Within AuNP-protein complexes formed of Au_CHIT-H we identified various molecules associated with cellular interaction and internalisation, including hyaluronan-binding proteins such as anti-thrombin III, inter-α-trypsin inhibitor heavy chains, and complement, which have already been implicated as mediators of AuNP-cell interactions [87]; fibrinogen, which has been implicated in specific NP-cell interactions and subsequent immune responses [86, 92]; and transferrin, which has often been associated with NP internalisation, with transferrin-dependent clathrin-mediated endocytosis being a method employed within drug delivery systems [93]. This mechanism has previously been highlighted with exposure of various mammalian cells to AuNPs [51], and with the intrinsic exocytotic recycling of the transferrin receptor [93] may provide an interesting avenue for AuNP intracellular trafficking mechanisms. However, transferrin was found bound to all AuNPs used here, although quantities have not been determined and may vary between different preparations. In summary it is evident that the highly positively charged NPs used in the present study interact with many proteins within FCS which may contribute to the observed biological responses and unique intracellular trafficking.


We have shown that differently functionalised AuNPs evolve both extracellularly and inside the cell, which consequently affects their biological impact. Here, the effect of the NP surface charge and charge intensity, through chitosan functionalisation, has been observed to radically affect the interactions with proteins, the intracellular fate of AuNPs, and consequently the cellular responses. We have consistently shown that the interaction with, and the toxicity induced in, cells of the mononuclear phagocyte system was driven by AuNP functionalisation with chitosan, and that increasing chitosan density can exacerbate these events; with enhanced uptake, enhanced cellular responses, and furthermore, a potential rapid and unique exocytosis. Moreover, we have demonstrated that AuNP functionalisation with chitosan, a molecule perceived as non-toxic and biocompatible, encourages a high affinity of AuNPs for biomolecules, which in turn led to cellular toxicity induced by two seemingly non-toxic NP-conjugate components. Therefore, it would be unwise to still consider all AuNPs, of any size, shape or surface composition, as completely inert drug carriers.
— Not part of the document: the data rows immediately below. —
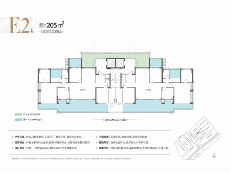 比如建面约205平4房(E2户型),不仅拥有一个约36平的阔绰阳台,还有一个约32平的专属庭院,可以在大平层实现庭院生活理想。
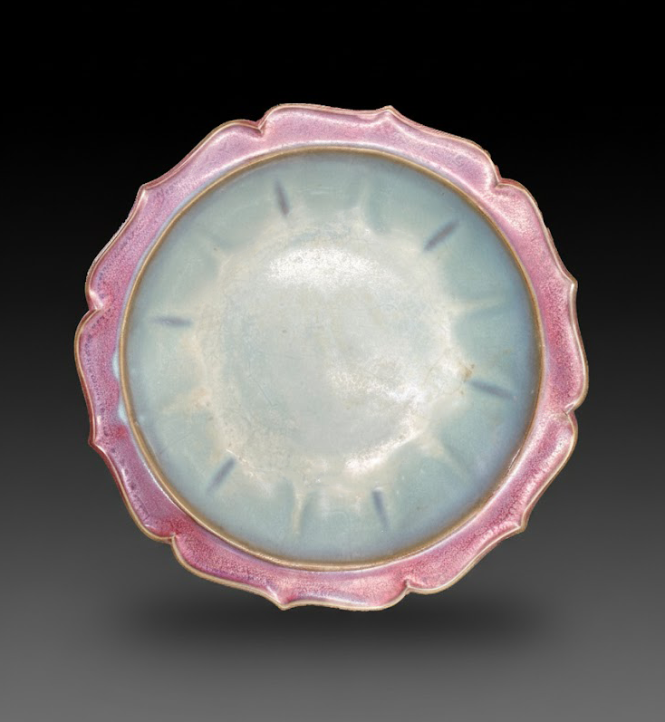 此盘构思精巧、釉色华美、胎质细腻,为宋代钧窑中窑变釉的代表之作。
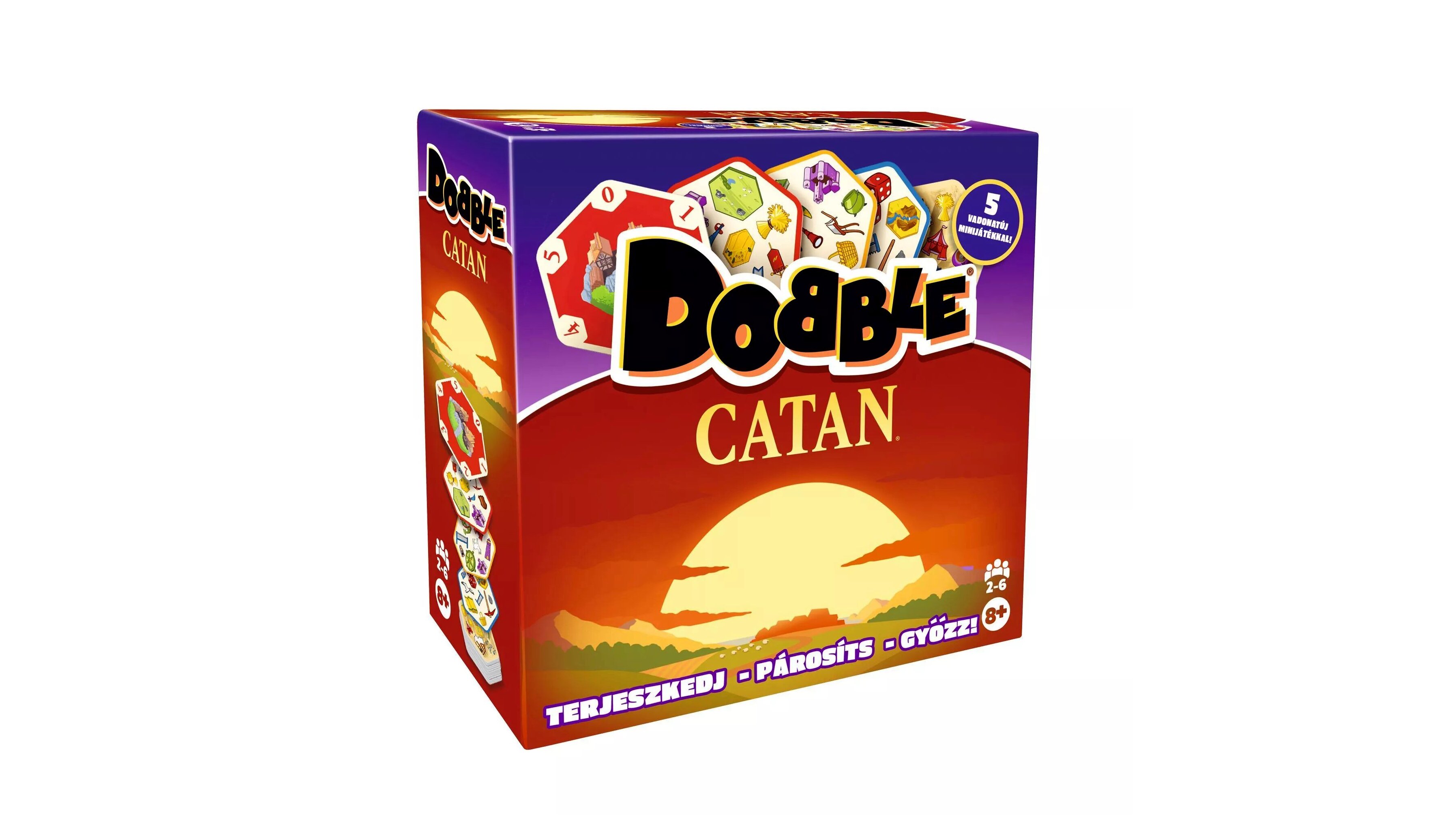 A Dobble Catan egy különleges társasjáték, amely a világ egyik legkedveltebb családi stratégiai társasjátéka, a Catan világát, és a reflexekre épülő, közkedvelt Dobble partijáték gyorsasági mechanikáját hozza össze.
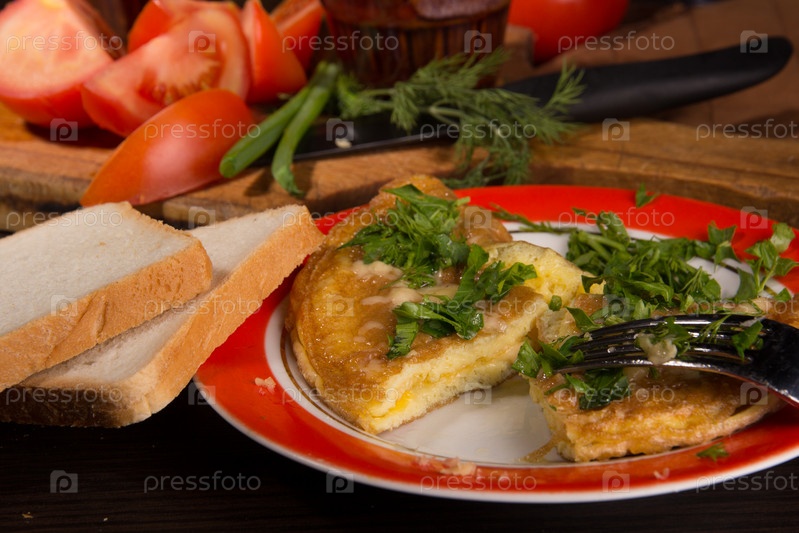 Омлет с сыром и свежей зеленью на столе
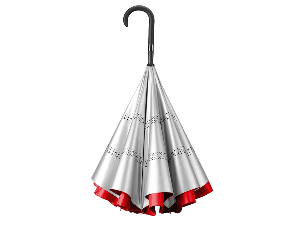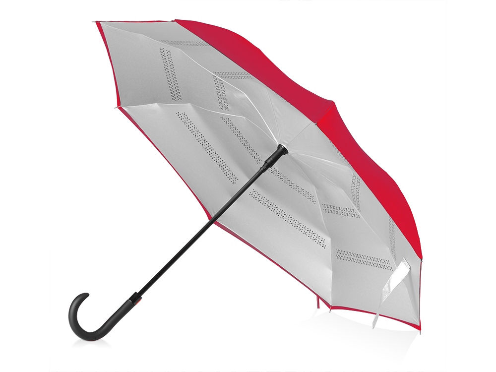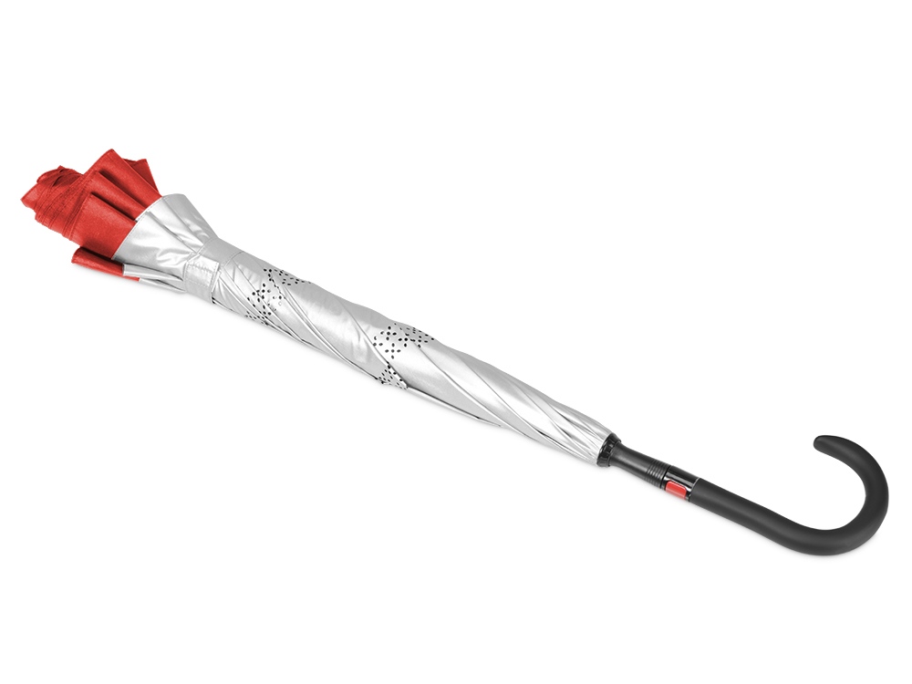 Зонт-трость наоборот Inversa, полуавтомат, красный/серебристый
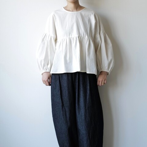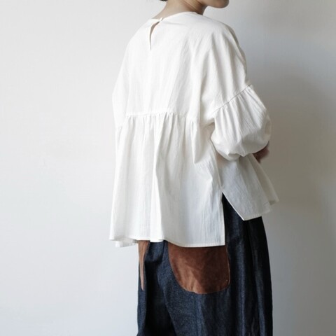 優しい肌触りと風合いが魅力の、クラフトワッシャー生地で仕立てたギャザーブラウスです。
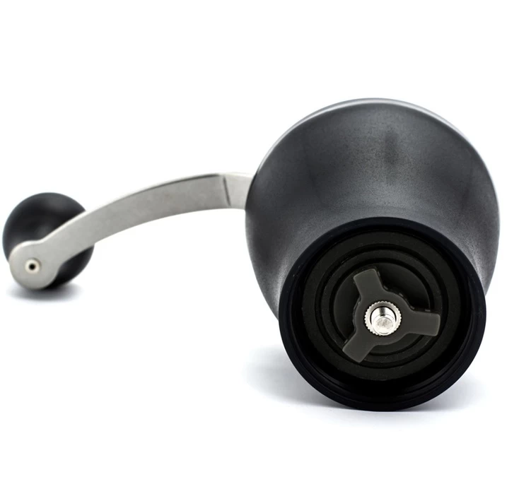 Le design Slim et la possibilité d’enlever la poignée économise de l’espace, cette poignée en aluminium renforcé se fixe au moulin par une vis hexagonale, ce qui l’empêche de se retirer lors du mouvement rotatif de broyage.
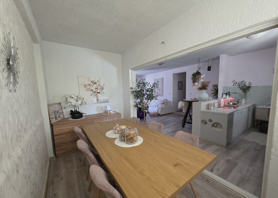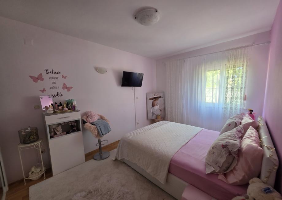 Ova prostrana nekretnina nudi ukupno dva komforna četverosobna stana, što je čini izvrsnim izborom za veće obitelji ili one koji traže dodatni prostor za goste i radne aktivnosti.

Final formulations as a whole have to be assessed, since high density functionalisation with otherwise inert components may elicit potentially detrimental biological responses.



RPMI 1640, l-glutamine, streptomycin, penicillin, glutaraldehyde, lipopolysaccharide (LPS), Phorbol 12-myristate 13-acetate (PMA), Tris(2-Carboxyethyl)phosphine hydrochloride solution (TCEP), iodoacetamide (IAA), Bradford reagent, BSA, acetonitrile (ACN) trifluoroacetic acid (≥99.5 %, TFA), and chitosan (with >75 % deacetylation, #417963), were purchased from Sigma-Aldrich (Sigma, St. Louis, MI, USA). With the following materials purchased elsewhere: HEPES and FCS (PAA, Pasching, Austria), SYBR Green Supermix (Bio-Rad), RevertAid H Minus M-MulV reverse transcriptase (MBI Fermentas, St. Leon-Roth, Germany), TRIzol reagent (Invitrogen), CCL2, TNF-α and IL-6 ELISA kits (PeproTech), IL-1-β ELISA (R&D Systems), caspase-1 inhibitor Ac-YVAD-CMK (Calbiochem), epon (Agar Scientific), osmium tetroxide (Electron Microscopy Sciences, Hatfield, UK), triethylammonium bicarbonate buffer (TEAB) (Fluka, Buchs, Switzerland). While trypsin, the LDH detection kit CytoTox 96® Non-Radioactive Cytotoxicity Assay, and the CellTiterBlue® (CTB) Cell Viability Assay were purchased from Promega (Madison, WI, USA).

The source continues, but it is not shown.